Two years ago I moved my happy ass 3hrs south to a town where I basically knew no one. I had absolutely no reason to go other than I was in love with this schmuck and ready to start a life with him. Wherever he went, I was going to go.
Look at me now, and we own a home together, are proud pittie parents, and work for the same company.
Over these last two years, I’ve learned a lot about myself and we’ve learned a lot about each other and our relationship.
We both hate doing dishes, yet we still don’t have a dish washer.
I let the dog on the furniture, and he pretends that he doesn’t.
He’s a pack rat, but he’ll tell you that I have more clothes and shoes than anyone he knows– which is false.
Neither one of us will ever agree to buy a “fixer upper” again.
And we both communicate very differently, which means I’m always right.

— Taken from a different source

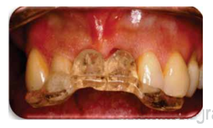
Figure 2. Placement of surgical guide.

mm length in both sites. Parallelism was ascertained ( Figure 3 ). Nobel Replace® Tapered TiU NP 3.5 \times 13 mm implants were placed 3 mm underneath the cement-enamel junction of adjacent teeth in both sites, with a 30 Ncm speed until obtaining desired length ( Figure 4 ).

So as I reflect on not just these two years of living together, but also these four years of our relationship (yes, four), I realize something very important– we are better people because of each other.
We both found this pain in the ass that challenges us, makes us laugh, and makes us view things differently.
We’re not the perfect match.
But we work at it every day.
We acknowledge our issues as individuals and as a couple, and work to be better. I know my downfalls and he knows his. And because of that self-awareness we’re able to be better partners and better friends to each other and for each other.
So, when friends ask how we do it, I tell them to always be honest with themselves and their partner. Let the crazy out! Because if your partner can’t handle you and your crazy, then they’re not the one for you.
Never hide who you are. Never apologize for who you are. Because some one out there will accept you for you and love you for it.